[Data entries]

****

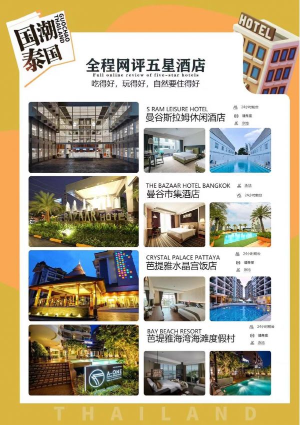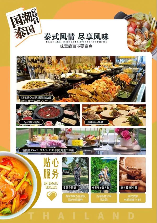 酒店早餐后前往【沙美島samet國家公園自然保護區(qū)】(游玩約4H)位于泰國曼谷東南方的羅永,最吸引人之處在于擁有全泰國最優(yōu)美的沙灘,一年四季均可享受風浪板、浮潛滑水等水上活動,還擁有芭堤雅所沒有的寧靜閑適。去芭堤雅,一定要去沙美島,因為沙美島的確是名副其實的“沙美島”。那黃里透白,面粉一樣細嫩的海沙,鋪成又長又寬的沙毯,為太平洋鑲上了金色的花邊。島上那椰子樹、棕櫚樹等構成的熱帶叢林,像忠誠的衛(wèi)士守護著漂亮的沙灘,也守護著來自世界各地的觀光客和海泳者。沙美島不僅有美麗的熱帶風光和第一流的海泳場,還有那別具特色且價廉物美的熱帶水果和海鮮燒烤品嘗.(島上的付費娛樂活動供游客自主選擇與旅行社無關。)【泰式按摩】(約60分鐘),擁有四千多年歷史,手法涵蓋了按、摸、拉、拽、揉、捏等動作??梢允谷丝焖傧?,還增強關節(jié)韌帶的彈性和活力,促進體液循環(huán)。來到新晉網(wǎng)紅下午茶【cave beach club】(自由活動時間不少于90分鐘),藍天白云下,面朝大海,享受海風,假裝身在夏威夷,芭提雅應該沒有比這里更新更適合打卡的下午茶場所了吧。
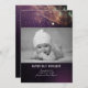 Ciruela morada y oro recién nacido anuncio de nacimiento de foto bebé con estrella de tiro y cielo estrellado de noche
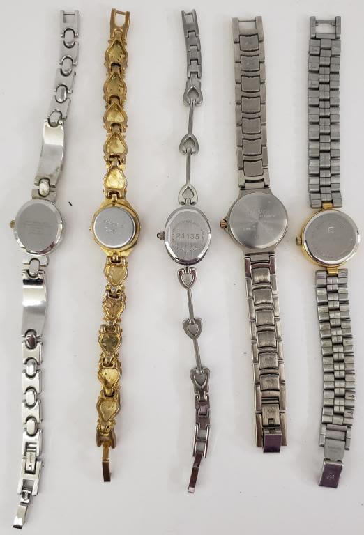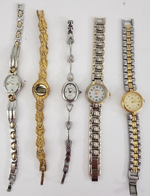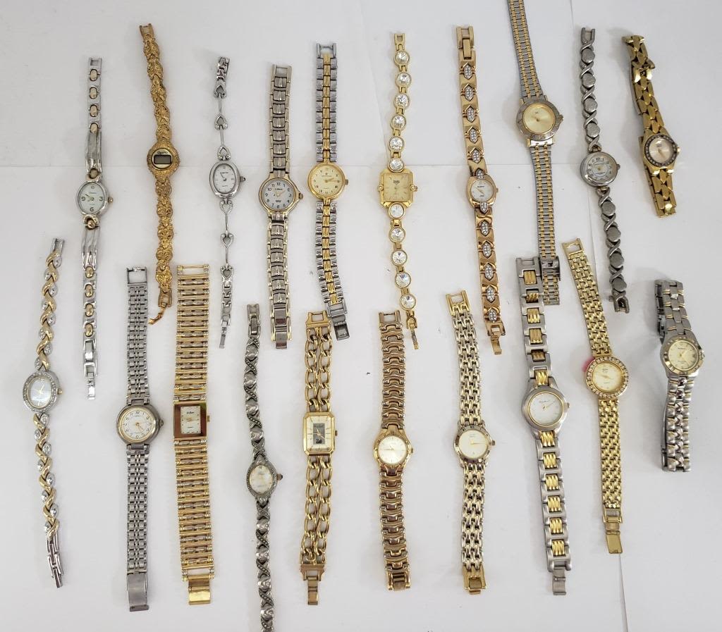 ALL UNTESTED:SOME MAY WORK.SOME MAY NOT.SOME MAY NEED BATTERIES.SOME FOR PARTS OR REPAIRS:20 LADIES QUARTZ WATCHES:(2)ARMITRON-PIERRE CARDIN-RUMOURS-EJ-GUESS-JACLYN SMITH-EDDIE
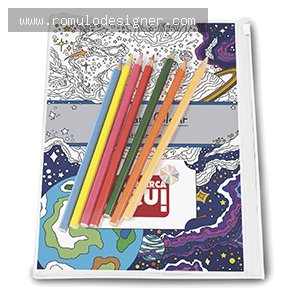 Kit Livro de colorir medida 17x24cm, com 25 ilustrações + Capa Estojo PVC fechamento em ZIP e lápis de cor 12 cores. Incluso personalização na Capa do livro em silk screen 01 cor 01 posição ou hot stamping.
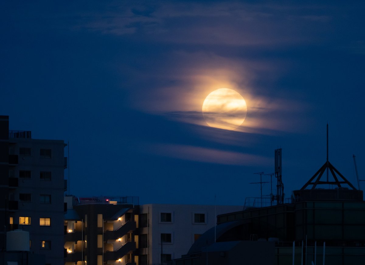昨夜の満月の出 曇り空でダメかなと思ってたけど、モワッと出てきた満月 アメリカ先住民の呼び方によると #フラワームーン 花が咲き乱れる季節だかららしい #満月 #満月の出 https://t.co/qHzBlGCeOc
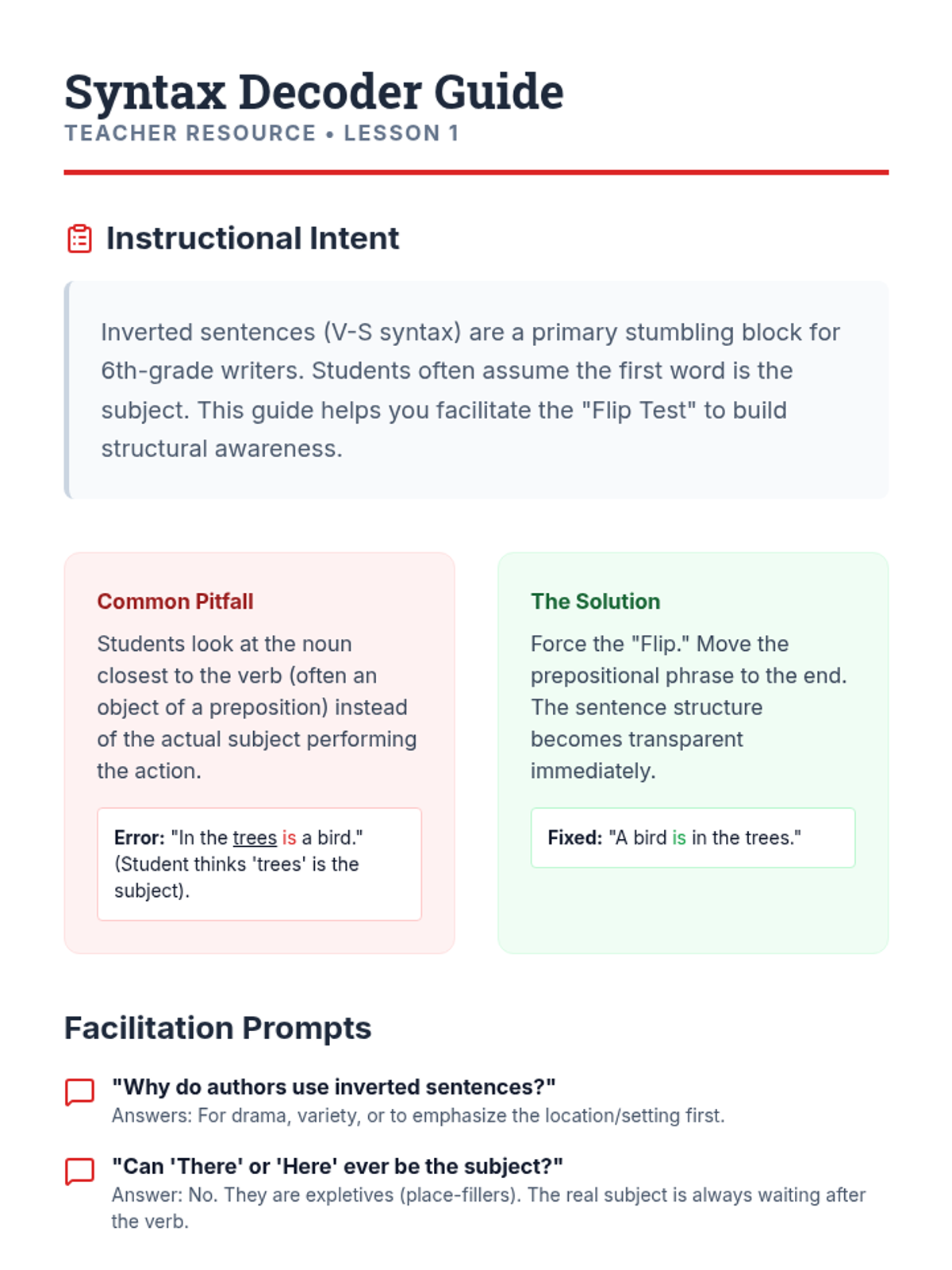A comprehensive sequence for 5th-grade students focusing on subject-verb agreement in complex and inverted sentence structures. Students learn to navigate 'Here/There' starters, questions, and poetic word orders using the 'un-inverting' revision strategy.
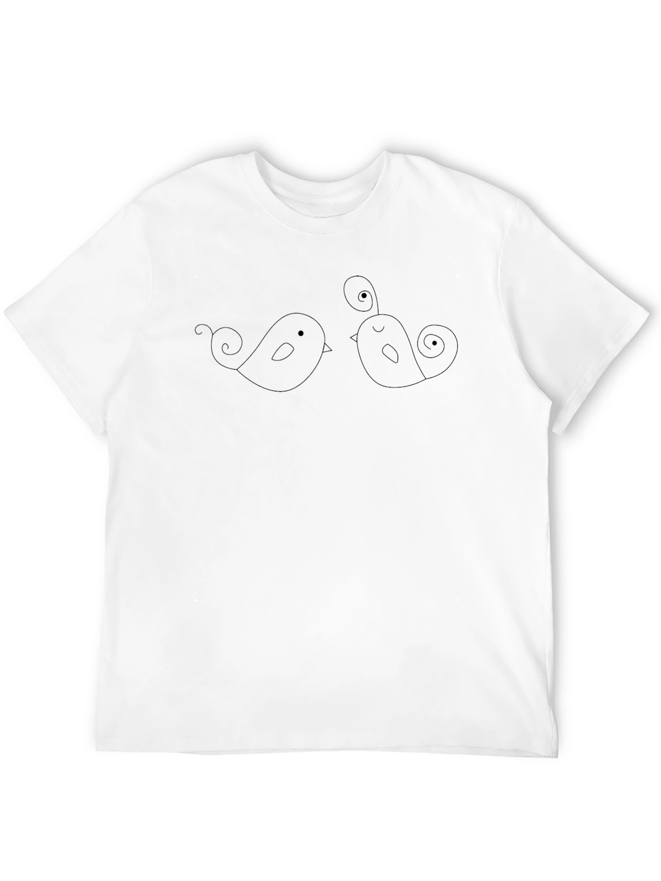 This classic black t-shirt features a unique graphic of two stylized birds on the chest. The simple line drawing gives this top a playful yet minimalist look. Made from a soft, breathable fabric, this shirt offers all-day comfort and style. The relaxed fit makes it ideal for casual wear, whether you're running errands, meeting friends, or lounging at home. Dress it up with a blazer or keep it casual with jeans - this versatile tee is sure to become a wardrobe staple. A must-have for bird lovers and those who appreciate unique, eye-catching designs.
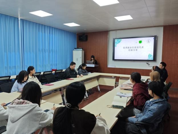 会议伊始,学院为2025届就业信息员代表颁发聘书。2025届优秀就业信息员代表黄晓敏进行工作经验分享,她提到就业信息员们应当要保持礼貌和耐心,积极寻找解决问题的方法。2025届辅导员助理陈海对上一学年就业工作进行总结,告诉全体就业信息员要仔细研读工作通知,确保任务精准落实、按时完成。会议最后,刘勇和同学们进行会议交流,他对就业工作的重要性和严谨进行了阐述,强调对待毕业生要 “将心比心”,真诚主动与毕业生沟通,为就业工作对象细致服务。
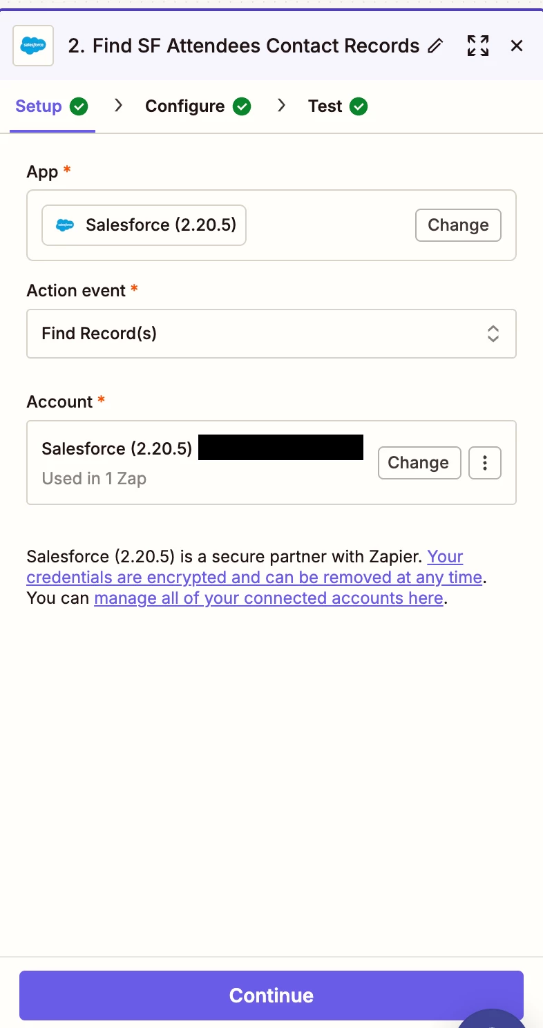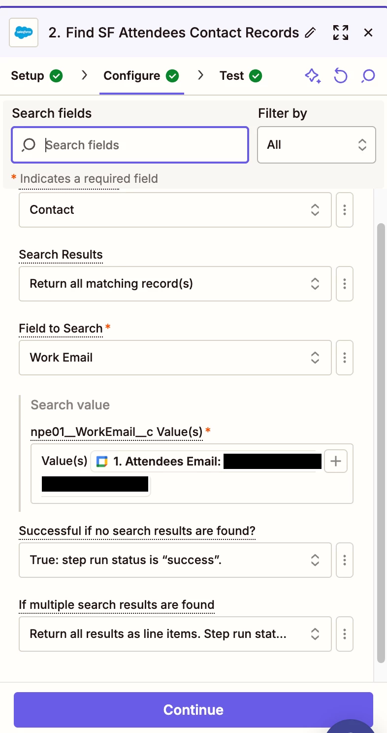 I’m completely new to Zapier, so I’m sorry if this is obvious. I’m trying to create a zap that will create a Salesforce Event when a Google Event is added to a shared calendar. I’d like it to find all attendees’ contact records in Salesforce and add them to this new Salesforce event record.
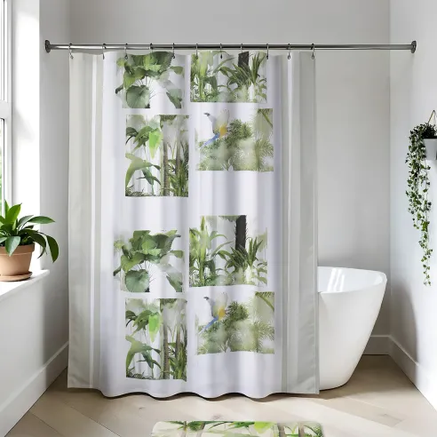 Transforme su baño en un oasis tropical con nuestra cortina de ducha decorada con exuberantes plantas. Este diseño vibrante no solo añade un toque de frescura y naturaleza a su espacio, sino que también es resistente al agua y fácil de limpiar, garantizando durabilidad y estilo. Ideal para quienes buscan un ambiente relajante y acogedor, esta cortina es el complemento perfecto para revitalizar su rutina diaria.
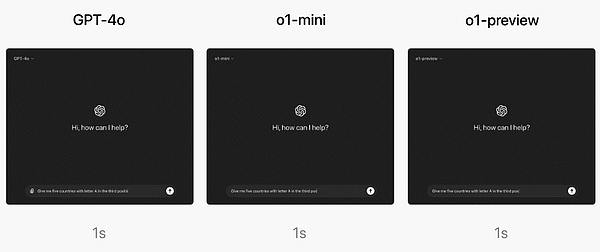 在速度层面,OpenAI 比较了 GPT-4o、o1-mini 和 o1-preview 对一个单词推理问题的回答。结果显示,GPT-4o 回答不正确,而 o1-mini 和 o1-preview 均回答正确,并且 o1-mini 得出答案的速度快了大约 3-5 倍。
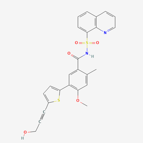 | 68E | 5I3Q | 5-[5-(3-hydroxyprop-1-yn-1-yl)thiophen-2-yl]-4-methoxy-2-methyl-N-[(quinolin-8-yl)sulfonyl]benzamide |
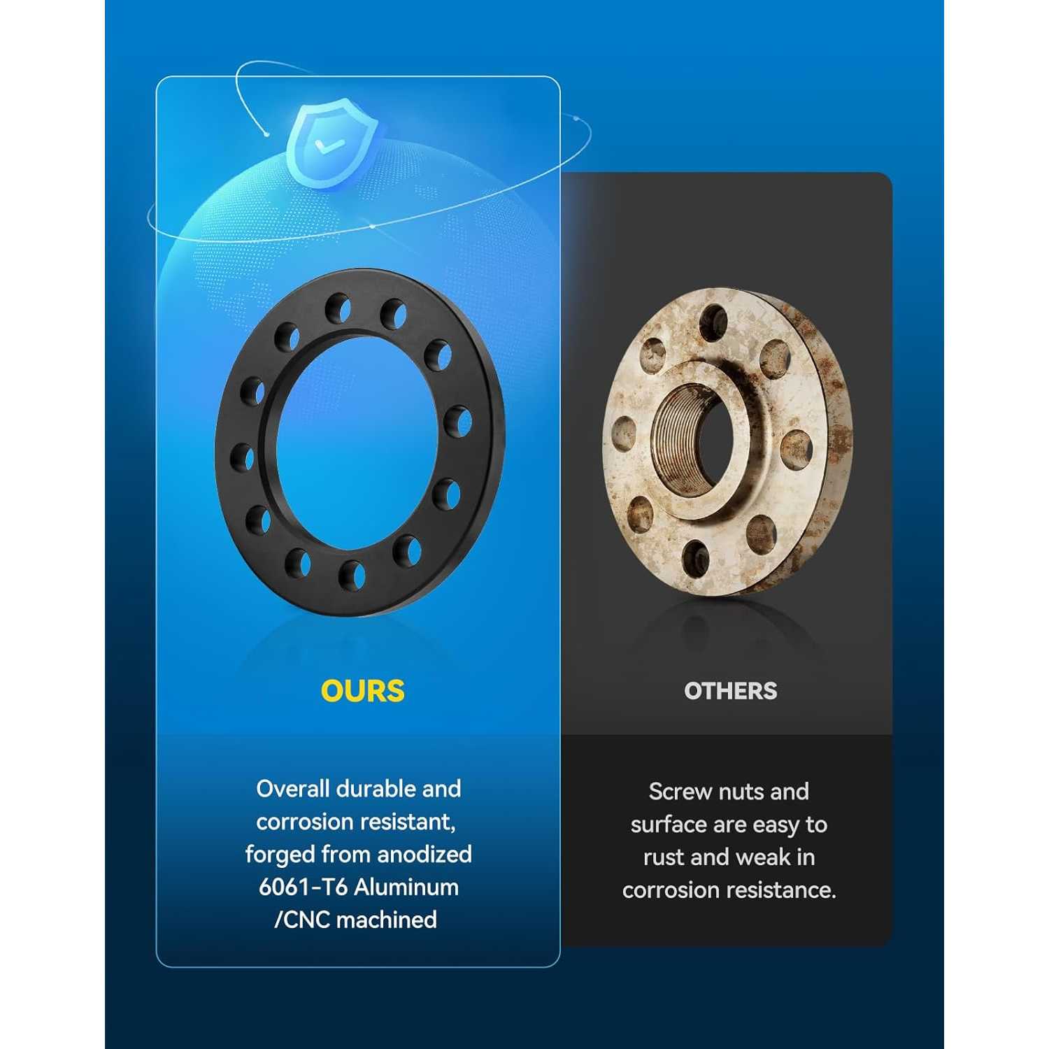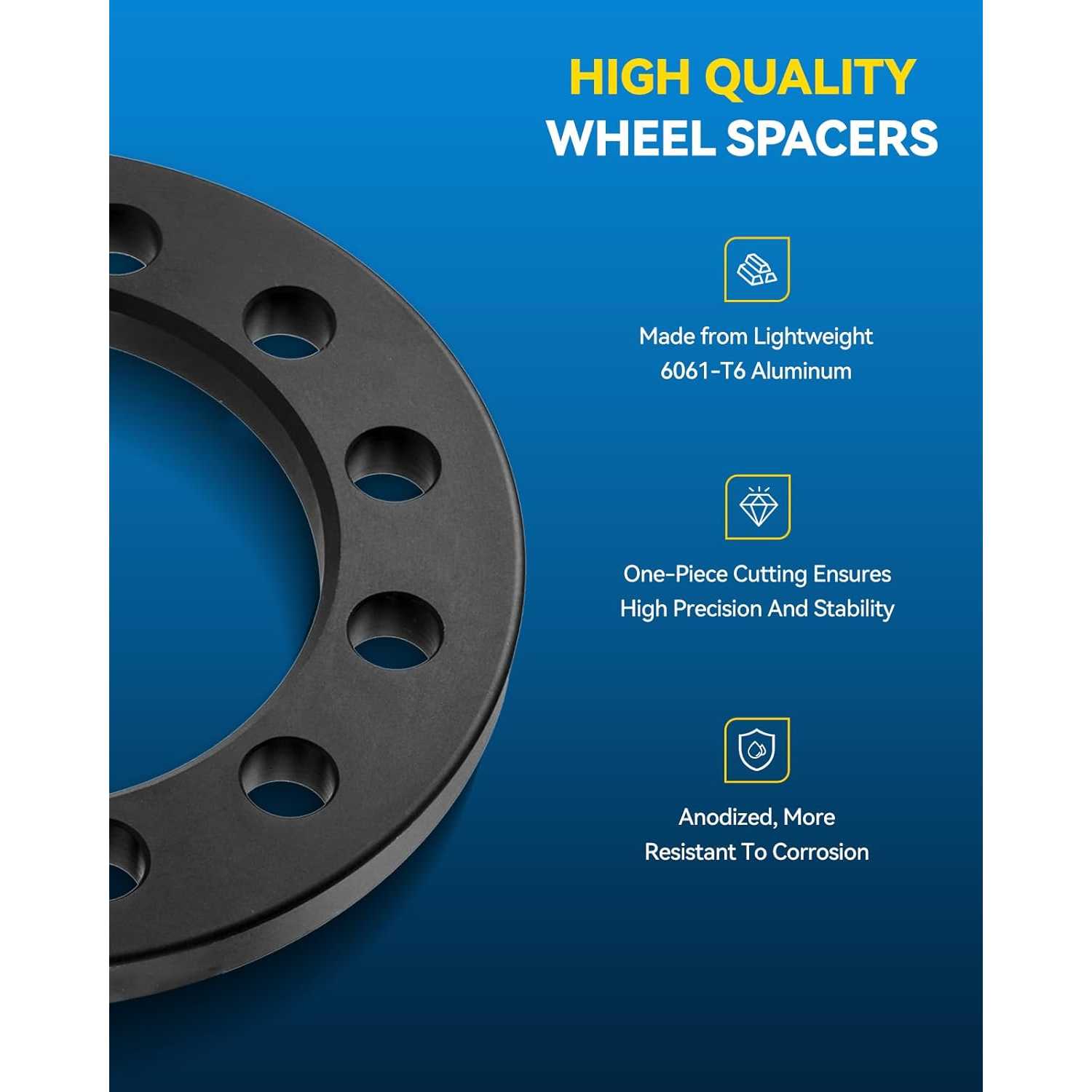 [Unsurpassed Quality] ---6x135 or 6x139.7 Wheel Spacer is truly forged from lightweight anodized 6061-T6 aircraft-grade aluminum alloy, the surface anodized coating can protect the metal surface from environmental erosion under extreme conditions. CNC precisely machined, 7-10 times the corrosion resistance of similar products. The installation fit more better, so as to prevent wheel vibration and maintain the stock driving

****

Assignment -
The answer must repeat every record exactly, with all pictures left out.

Response -
 酒店早餐后前往【沙美島samet國家公園自然保護區(qū)】(游玩約4H)位于泰國曼谷東南方的羅永,最吸引人之處在于擁有全泰國最優(yōu)美的沙灘,一年四季均可享受風浪板、浮潛滑水等水上活動,還擁有芭堤雅所沒有的寧靜閑適。去芭堤雅,一定要去沙美島,因為沙美島的確是名副其實的“沙美島”。那黃里透白,面粉一樣細嫩的海沙,鋪成又長又寬的沙毯,為太平洋鑲上了金色的花邊。島上那椰子樹、棕櫚樹等構成的熱帶叢林,像忠誠的衛(wèi)士守護著漂亮的沙灘,也守護著來自世界各地的觀光客和海泳者。沙美島不僅有美麗的熱帶風光和第一流的海泳場,還有那別具特色且價廉物美的熱帶水果和海鮮燒烤品嘗.(島上的付費娛樂活動供游客自主選擇與旅行社無關。)【泰式按摩】(約60分鐘),擁有四千多年歷史,手法涵蓋了按、摸、拉、拽、揉、捏等動作??梢允谷丝焖傧?,還增強關節(jié)韌帶的彈性和活力,促進體液循環(huán)。來到新晉網(wǎng)紅下午茶【cave beach club】(自由活動時間不少于90分鐘),藍天白云下,面朝大海,享受海風,假裝身在夏威夷,芭提雅應該沒有比這里更新更適合打卡的下午茶場所了吧。
 Ciruela morada y oro recién nacido anuncio de nacimiento de foto bebé con estrella de tiro y cielo estrellado de noche
 ALL UNTESTED:SOME MAY WORK.SOME MAY NOT.SOME MAY NEED BATTERIES.SOME FOR PARTS OR REPAIRS:20 LADIES QUARTZ WATCHES:(2)ARMITRON-PIERRE CARDIN-RUMOURS-EJ-GUESS-JACLYN SMITH-EDDIE
 Kit Livro de colorir medida 17x24cm, com 25 ilustrações + Capa Estojo PVC fechamento em ZIP e lápis de cor 12 cores. Incluso personalização na Capa do livro em silk screen 01 cor 01 posição ou hot stamping.
昨夜の満月の出 曇り空でダメかなと思ってたけど、モワッと出てきた満月 アメリカ先住民の呼び方によると #フラワームーン 花が咲き乱れる季節だかららしい #満月 #満月の出 https://t.co/qHzBlGCeOc
A comprehensive sequence for 5th-grade students focusing on subject-verb agreement in complex and inverted sentence structures. Students learn to navigate 'Here/There' starters, questions, and poetic word orders using the 'un-inverting' revision strategy.
 This classic black t-shirt features a unique graphic of two stylized birds on the chest. The simple line drawing gives this top a playful yet minimalist look. Made from a soft, breathable fabric, this shirt offers all-day comfort and style. The relaxed fit makes it ideal for casual wear, whether you're running errands, meeting friends, or lounging at home. Dress it up with a blazer or keep it casual with jeans - this versatile tee is sure to become a wardrobe staple. A must-have for bird lovers and those who appreciate unique, eye-catching designs.
 会议伊始,学院为2025届就业信息员代表颁发聘书。2025届优秀就业信息员代表黄晓敏进行工作经验分享,她提到就业信息员们应当要保持礼貌和耐心,积极寻找解决问题的方法。2025届辅导员助理陈海对上一学年就业工作进行总结,告诉全体就业信息员要仔细研读工作通知,确保任务精准落实、按时完成。会议最后,刘勇和同学们进行会议交流,他对就业工作的重要性和严谨进行了阐述,强调对待毕业生要 “将心比心”,真诚主动与毕业生沟通,为就业工作对象细致服务。
 I’m completely new to Zapier, so I’m sorry if this is obvious. I’m trying to create a zap that will create a Salesforce Event when a Google Event is added to a shared calendar. I’d like it to find all attendees’ contact records in Salesforce and add them to this new Salesforce event record.
 Transforme su baño en un oasis tropical con nuestra cortina de ducha decorada con exuberantes plantas. Este diseño vibrante no solo añade un toque de frescura y naturaleza a su espacio, sino que también es resistente al agua y fácil de limpiar, garantizando durabilidad y estilo. Ideal para quienes buscan un ambiente relajante y acogedor, esta cortina es el complemento perfecto para revitalizar su rutina diaria.
 在速度层面,OpenAI 比较了 GPT-4o、o1-mini 和 o1-preview 对一个单词推理问题的回答。结果显示,GPT-4o 回答不正确,而 o1-mini 和 o1-preview 均回答正确,并且 o1-mini 得出答案的速度快了大约 3-5 倍。
 | 68E | 5I3Q | 5-[5-(3-hydroxyprop-1-yn-1-yl)thiophen-2-yl]-4-methoxy-2-methyl-N-[(quinolin-8-yl)sulfonyl]benzamide |
 [Unsurpassed Quality] ---6x135 or 6x139.7 Wheel Spacer is truly forged from lightweight anodized 6061-T6 aircraft-grade aluminum alloy, the surface anodized coating can protect the metal surface from environmental erosion under extreme conditions. CNC precisely machined, 7-10 times the corrosion resistance of similar products. The installation fit more better, so as to prevent wheel vibration and maintain the stock driving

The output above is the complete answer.